Current GUIs are a separate layer built on top of the underlying data model. In Splash, the data objects themselves are presented to the user. Code specific to an object type can customize the display of an object. The same actions used by programmers are exposed in the menus of the GUI. A user clicking a menu item is the same as a method call on an object. This means that the interface only has to be created once, instead of separate API and GUI. Of course, human-readable names are used, and extensive help is provided to make the actions accessible to average users. Scripting is also easy, since the user is already familiar with the actions that can be used in code.
Computer code is not plain text. So why is it stored that way? The fact that code has structure that computers can understand is what makes programming possible. Splash stores code as structured data (an abstract syntax tree), providing great flexibility in what can be done with it. No longer is the syntax the defining attribute of the programming language; the code can be viewed and edited in any way the user chooses. Some people may prefer C's curly braces, some may prefer Python's significant whitespace, and some may prefer Lisp's S-expressions. They can all have the syntax their preferred way. The IDE is also aware of the structure of the code, and can therefore be more helpful to the programmer. This also opens up many possibilities with graphical representations of the code.
As every user knows well, today's computer systems are horribly insecure. A fundamentally flawed approach is taken: Systems are built insecure from the start, and patches later try to plug the holes. This simply doesn't work. Antivirus and Firewall applications are examples of these patches. Why do you need a firewall if ports are closed by default? Why do you need antivirus if code running on the system cannot touch anything to which it is not explicitly given access.

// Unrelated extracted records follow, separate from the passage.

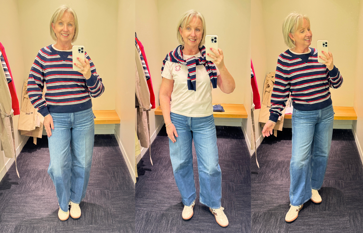 Next I’m sharing a sweet boyfriend jersey classic-fit T-shirt with heart embroidery, a striped cashmere crewneck sweatshirt and a pair of modern Zoe barrel jeans. The classic-fit T-shirt fits true to size and I appreciate the length – great for tucking or leaving untucked. By the way, it’s in the lightest shade of pink. The cashmere crewneck sweatshirt is such a fun piece, truly has that sweatshirt feel and silhouette, but in luxurious cashmere. And you may not be able to tell, but the stripes are navy, red, soft pink and ivory. I ordered the “sweatshirt” and t-shirt.
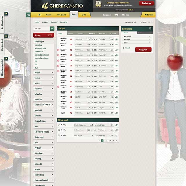 I övrigt är oddsklienten snyggt designad utefter Cherrys färgschemat, och rent navigeringsmässigt är vi positivt inställda till SBTechs oddsprodukter. Snabbhet och prestanda håller också måttet. Ytterst anmärkningsvärt är att sportsbook inte för närvarande erbjuder cash-out, vilket vi tycker bör vara en standard hos de flesta operatörer.
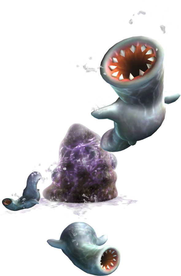 Back when the original Monster Hunter took gaming by storm, this was the monster everybody wanted me to see and eventually review. This classic was sort of the token "creepy" monster of the setting, everything about it designed to evoke what regular weirdos think is gross or unpleasant in nature. A colorless, eyeless, slime-coated troglodyte, its stretchable neck and circular, gummy maw both evoke the pop culture image of a leech or lamprey, an intention all the more apparent from the large suction cup on its tail, which it uses to dangle from ceilings! Its most prominent attack is electricity, but of course a thing that looks like this would also have acidic saliva...and, of course, a thing that looks like this would also be a parasitoid! The Khezu apparently paralyzes other monsters to implant them with their embryonic larvae, which live as parasites until the host expires or the larvae are large enough to gnaw their way out.

Splash uses Capability-based security. A capability is like a key that uniquely identifies an object and names a set of operations that can be done to it. Since all objects are accessed through capabilities, code can only access a small number of objects whose capabilities it has been given. Contrast that to existing operating systems, where programs have the full access privileges of the user. It cannot be assumed that the user completely trusts every line of code they run. Malicious code in Splash wouldn't hold any capabilities and therefore couldn't access other objects.
Applications are responsible for serializing their data and writing it to files. Much effort is duplicated, since most applications have to save data in some form. Since Splash objects are all in a common format, Splash itself takes care of saving and loading data, and does so transparently.

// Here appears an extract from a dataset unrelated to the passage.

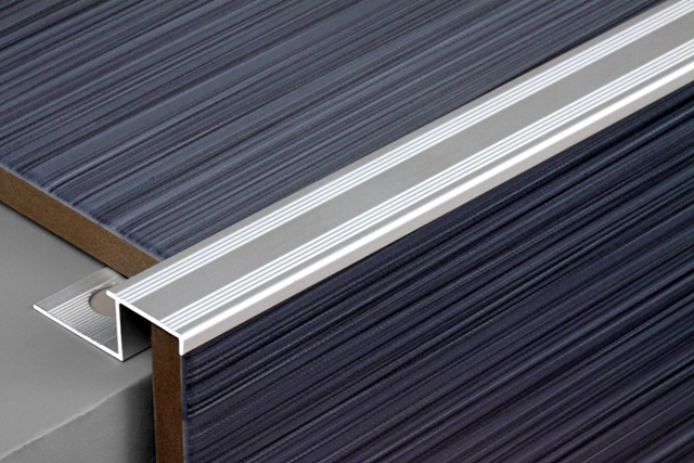 Профиль с противоскользящей поверхностью. Предназначен для отделки наружных углов поверхностей, облицованных керамической плиткой толщиной 10 ии и 12,5 мм.

Resource management is currently the task of the application programmer, if not left to the end user. Users have to keep track of memory usage, and close programs to keep the computer from running out. In Splash, this is completely transparent. It knows when memory is running low, and flushes objects that haven't been touched for awhile to disk. When they are requested, they are loaded again. It almost works like using the entire hard drive as a persistent swap file.

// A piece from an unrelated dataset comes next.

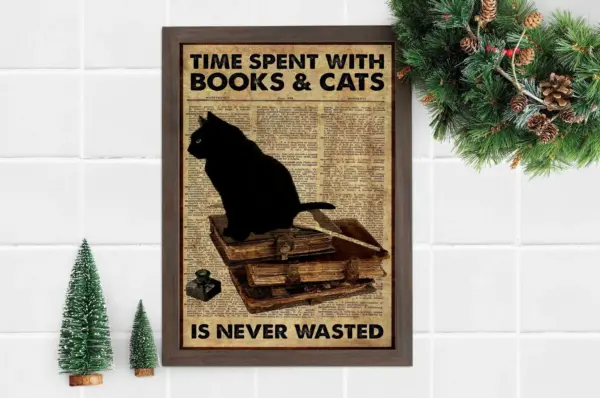 Time Spent With Cats And Books Is Never Wasted Poster Cat Artwork Book Posters Black Cat Wall Art Cat Lover Gift
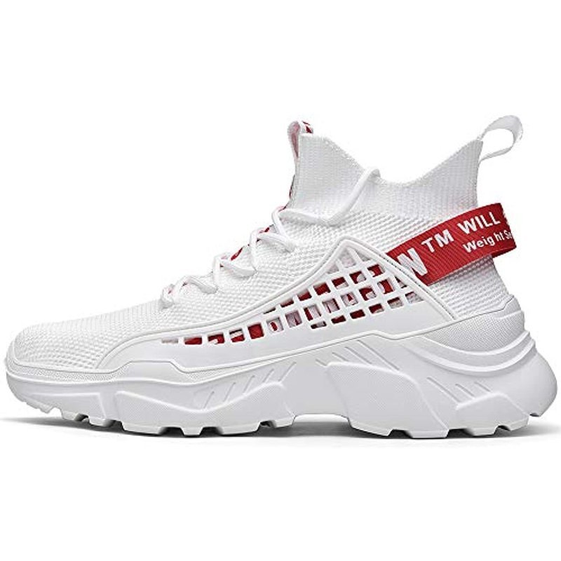 Mens Athletic Running Walking Shoes Non Slip Fashion Contrast Colors Retro Sneakers White Red

Network transparency is also important in this increasingly-connected world. Currently there is a huge gap between the local machine and the network; users have to manually upload and download files. Splash again does this transparently. Capabilities can point to objects on other computers, and they are located and accessed when necessary. It determines whether to download the object or convert access into remote procedure calls. Caching is handled automatically, and at a system-wide level for maximum efficiency.